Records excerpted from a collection
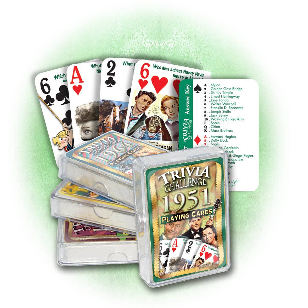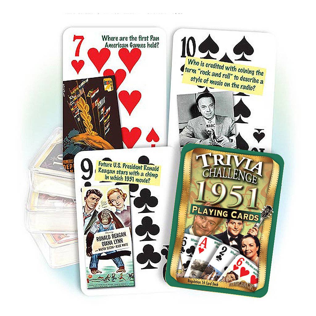 Do you know which radio DJ is credited with coining the term ‘rock and roll’? Or which future U.S. President stars alongside a chimp in “Bedtime for Bonzo”? Test your knowledge or quiz your friends with these 52 colorful illustrated 1951-themed questions about the year's celebrities, sports, events, movies and music. A key card is provided with all the answers, as well as a pair of Jokers loaded with fascinating sports stats. Plus, the cards double as a regulation playing card deck!
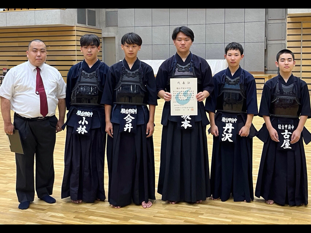 山梨県総体剣道の部が開催され、本校より男子団体戦に5名の生徒が参加しました。初戦・2回戦と順調に勝ち上がり、ベスト4を決める試合では勝敗の行方が大将戦までもつれ込む大熱戦となりました。全員が全力を尽くして戦った結果、見事決勝リーグまで進出することができました。
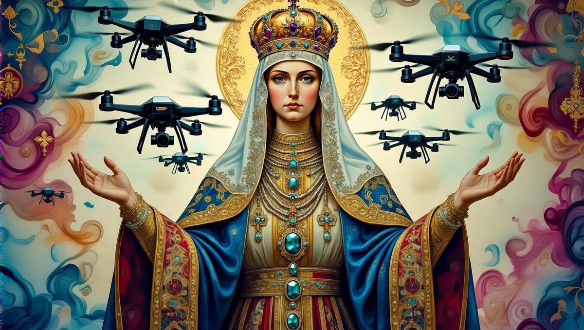 A digital icon of Olga of Kyiv in bejeweled robes, encircled by drones. The artwork blends traditional religious iconography with swirling alcohol ink patterns and a futuristic, dreamlike aesthetic.
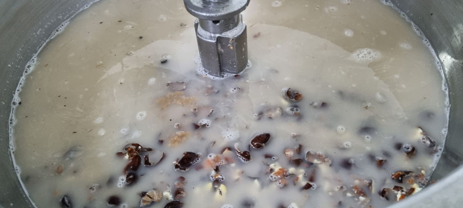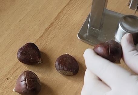 Τεμαχισμός κάστανων στον πολτοποιητή, με προσθήκη νερού, και στο τέλος της διεργασίας το νερό αφαιρείται (αντλία κενού).
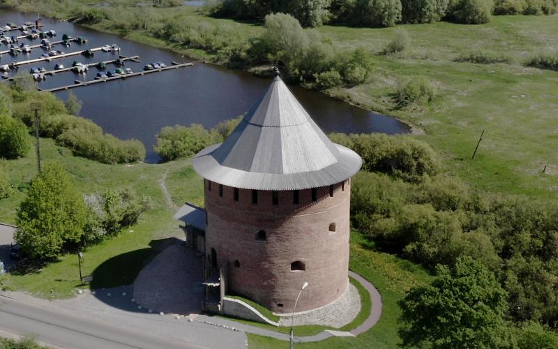 Единственная уцелевшая башня из внешней линии оборонительных укреплений конца XIV в. — новгородского Окольного города. Мощная кладка, способная выстоять под длительным пушечным обстрелом, позволила сооружению сохраниться до наших дней.

Task goal -
Write out the records exactly. Do not carry the pictures over.

Response area -
 Do you know which radio DJ is credited with coining the term ‘rock and roll’? Or which future U.S. President stars alongside a chimp in “Bedtime for Bonzo”? Test your knowledge or quiz your friends with these 52 colorful illustrated 1951-themed questions about the year's celebrities, sports, events, movies and music. A key card is provided with all the answers, as well as a pair of Jokers loaded with fascinating sports stats. Plus, the cards double as a regulation playing card deck!
 山梨県総体剣道の部が開催され、本校より男子団体戦に5名の生徒が参加しました。初戦・2回戦と順調に勝ち上がり、ベスト4を決める試合では勝敗の行方が大将戦までもつれ込む大熱戦となりました。全員が全力を尽くして戦った結果、見事決勝リーグまで進出することができました。
 A digital icon of Olga of Kyiv in bejeweled robes, encircled by drones. The artwork blends traditional religious iconography with swirling alcohol ink patterns and a futuristic, dreamlike aesthetic.
 Τεμαχισμός κάστανων στον πολτοποιητή, με προσθήκη νερού, και στο τέλος της διεργασίας το νερό αφαιρείται (αντλία κενού).
 Единственная уцелевшая башня из внешней линии оборонительных укреплений конца XIV в. — новгородского Окольного города. Мощная кладка, способная выстоять под длительным пушечным обстрелом, позволила сооружению сохраниться до наших дней.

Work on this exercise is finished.